The worst place in the world is when you are being attacked.

The country or location never really matter.

You can be in the USA and get attacked in your own neighbourhood or be on your summer holidays in Spain.

It is that moment that things go ‘real’.

You are there, with no one to help you.

Possibly surrounded by people who want nothing more than to see you bleed, to see your face turn to mush and watch your teeth shatter.

And yet despite this, there is an even more lonely and terrifying place to be in self-defence.

It is the last place you would ever want to find yourself, and yet many put themselves there, with little or no combat options.

And today we will take an in-depth look at the worst place you would ever find yourself.

 

The Crowd

When being attacked by a group, there is severe risk.

And when you are surrounded by a group who want to destroy you there are only a few options.

  1. You manage to escape
  2. You manage to fight back enough for them to stop.
  3. They beat you badly and then stop
  4. They kill you.
  5. Someone intervenes (police etc.).

Being in any attack situation is bad enough but being in a group one is the scariest thing imaginable.

But wait it can get worse!

 

Being On The Ground In A Group Attack

There is no doubt, being on the ground in a group attack situation is perhaps the worst place in the world you can be.

On the ground, you struggle to move.

On the ground, you struggle to protect yourself.

And on the ground, you are in the prime location with their most powerful weapon, the legs.

The legs are the strongest muscles we have, but unless an attacker is skilled in kicking, they are rarely any good as an offensive weapon.

That is until you end up on the ground.

And this is the core argument of the article, anyone who goes to the ground against a group of attackers not only stacks the deck even further against themselves yet also massively increases the ability of the attacker to harm you.

Think about it….

Let us take an example.

You are walking home with your partner after a date night at the cinema.

A group of lads are stood in the car park acting like yobs, drinking booze etc and you start to get your Spidey sense tingling.

Suddenly they throw a beer bottle, and it hits your partner in the head, cutting them on the face.

Searing with rage, you shout at them, but this is the invite they are looking for.

They run over and without warning, they punch you straight in the face.

You are dazed, but luckily, you have been training in MMA for the last year, so being punched in the face is something you are used to.

But then it happens, the punches start flowing in from all directions, the back, the side and the front, you cover and block a few, but your head starts to lower.

And you spot your chance; you see the legs.

And something you have drilled a thousand times before clicks in, you bend lower and execute a perfect and powerful double leg takedown.

Success fills you with a smug feeling that is shattered when you get kicked in the face by one of the others.

Dazed and out of control the man you took down gets up, and you feel something sharp in your mouth.
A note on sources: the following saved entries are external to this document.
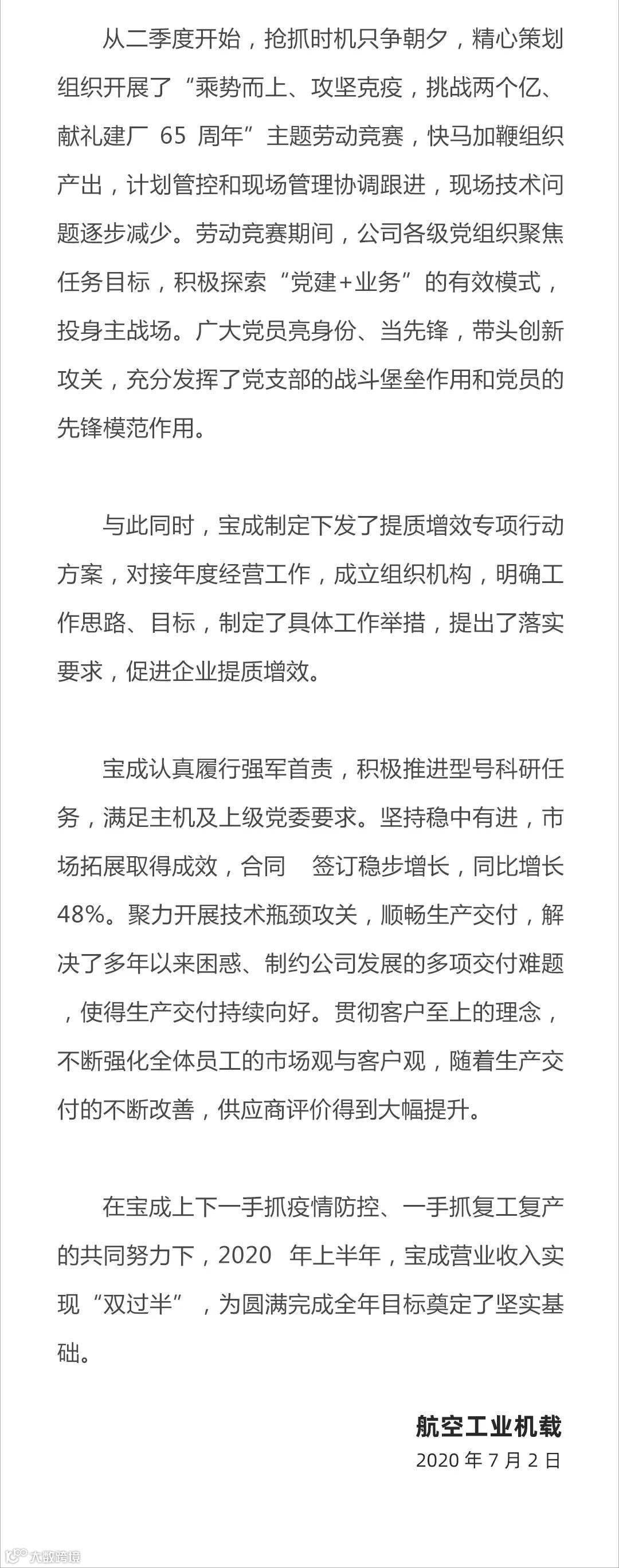 导读:航空工业机载报道宝成公司顺利实现“双过半”
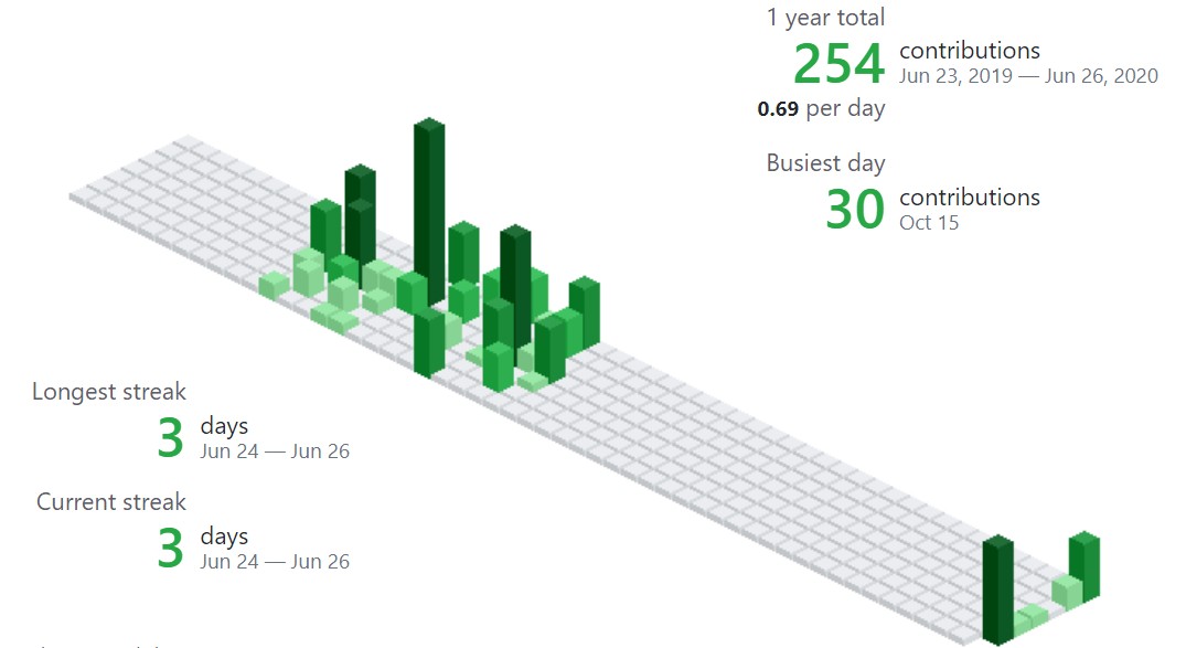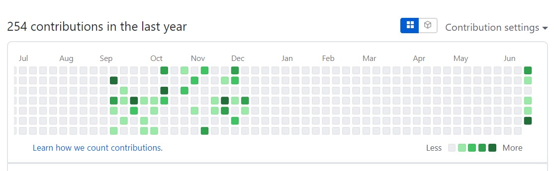 깃허브를 하다 보면 어떤 날은 특별한걸 하지도 않은 것 같은데 contribution 수가 많고(진한 초록색) 또 어떤 날은 깃허브를 붙잡고 몇 시간을 썼는데도 contribution이 없거나 연한 초록색으로 남아 있는 경우가 있다.
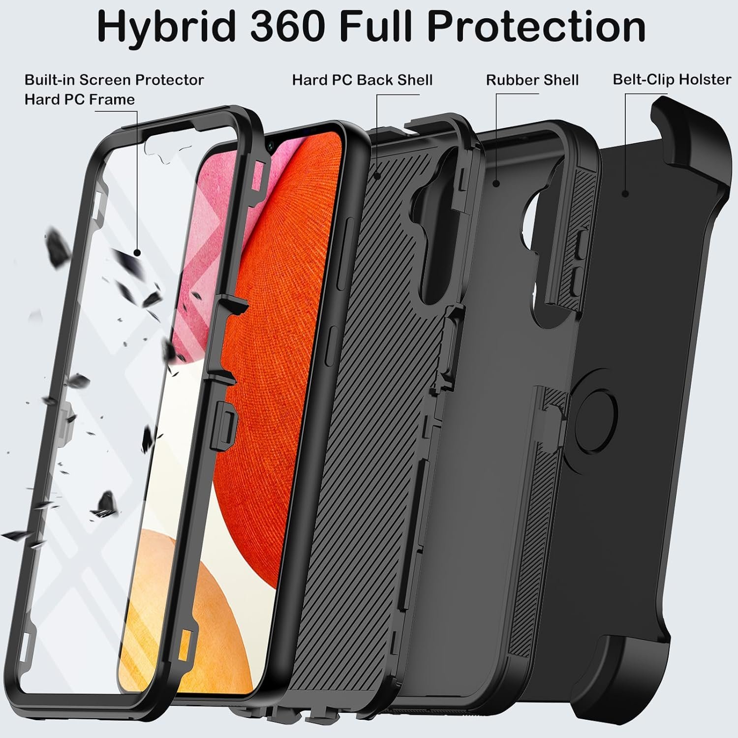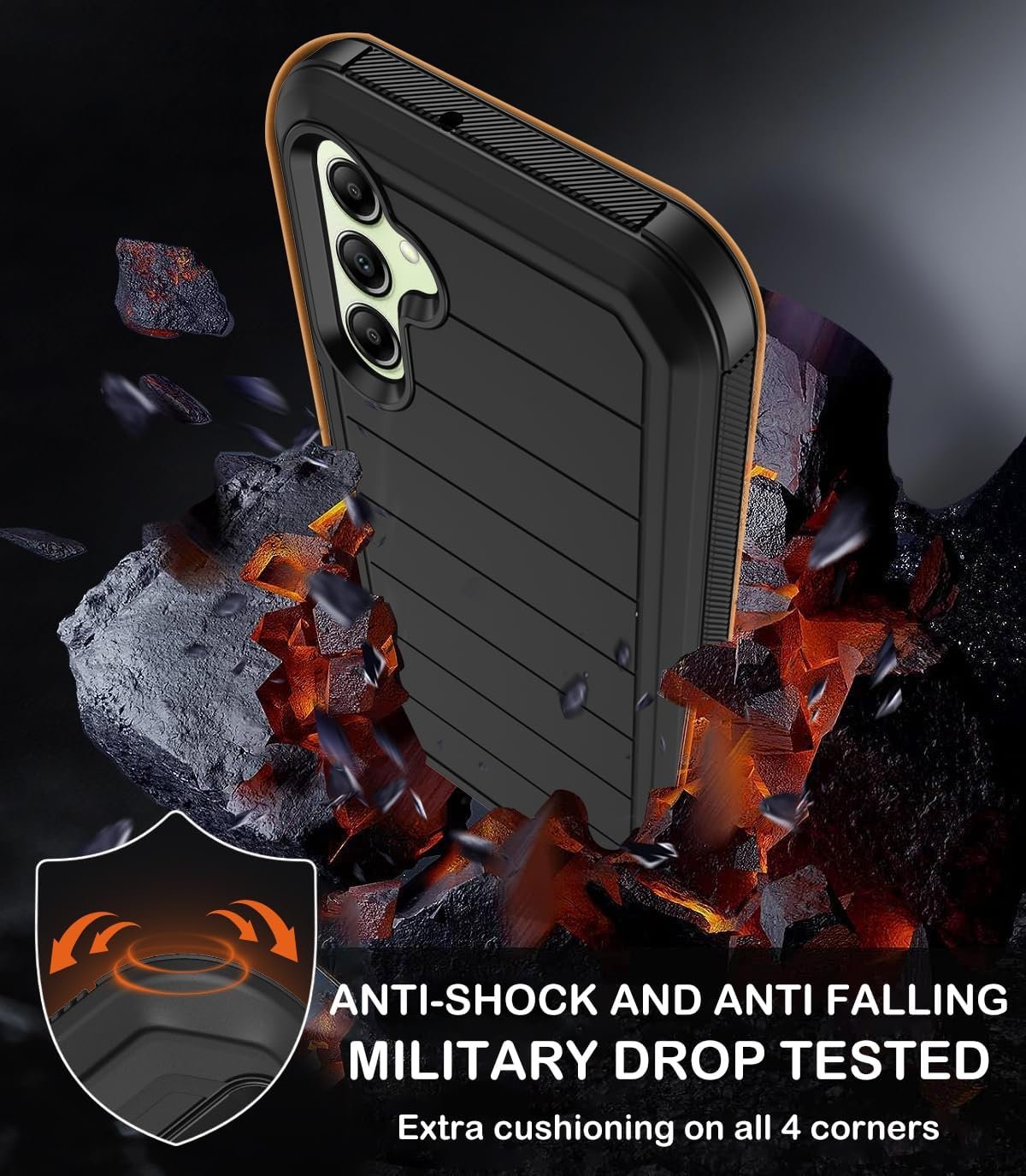 [MULTI-LAYER DEFENSE PROTECTION] Our Samsung Galaxy A14 military-grade heavy-duty case.It provides exceptional defense against drops,dirt,scrapes,and bumps.The hybrid construction of PC,TPU inner shell,and soft silicone outer shell disperses impacts and prevents scratches.Our case has passed military drop tests of up to 10 feet,guaranteeing your device’s integrity in rough conditions.With its triple-layer design,it offers 360° full-body rugged protection,safeguarding every corner of your Samsung Galaxy A14 5G.

It is one of your teeth that you spit out.

And then you feel it, punches rained down, kicks and stomps landing at a rate you can’t count.

This is, of course, a fictional account but the fact is YOU WILL FIGHT HOW YOU TRAIN.

Practise makes permanent and not perfect.

And this was something that scared me to death BEFORE Defence Lab.

I was training as a boxer and a grappler and felt that I would have gone to the ground in a group fight, not out of choice but out of instinct.

 

It Is Not Just The Grapplers

Ok so it does not matter if you are a grappler or an MMA fighter, it is actually far more common than you think to see people put themselves on the ground in a fight.

In observing thousands of real incidents personally and on CCTV I have seen human nature in violence ‘up close’.

And guess what…’we are natural clingers’.

Yes, we love to grab people and bring them in close and pull them to the ground.

I am no behavioural scientist but I believe this is a natural thing, we want to bring our prey close, pull it to the ground where we can dispatch it quickly.

And especially if we are getting hurt, we tend to grab hold of the attackers.

Just look at boxers, when they are hurt, they clinch and seek to hold and often this causes them to fall to the floor.

 

How To Solve This

Have you heard about Pavlov’s dogs?

If you haven’t, it was a study made in the 1890’s by Ivan Pavlov.

he discovered that he could ‘train’ his dogs to salivate not by the sight of food but by an association such as a bell.

And yes, when the bell rang the dogs salivated.

Well, you are no dog, but as humans, we also can be conditioned to act in a certain way.

That is what training does for you.

And yes, if you are training to take people down, you will do this FOR REAL if the opportunity presents itself in the heat of battle.

Yet there is a method to solve this.

You need to train to fight against group attacks.

Sounds easy, well trust me it is not.

This is the simple premise that encouraged me to seek out Defence Lab and Andy Norman all those years ago.

It wasn’t just the fact that Defence Lab had a range of amazing techniques to choose learn, it was because they trained to deal with the WORST situation you can be in, surrounded by a group and also on the floor and surrounded by a  group.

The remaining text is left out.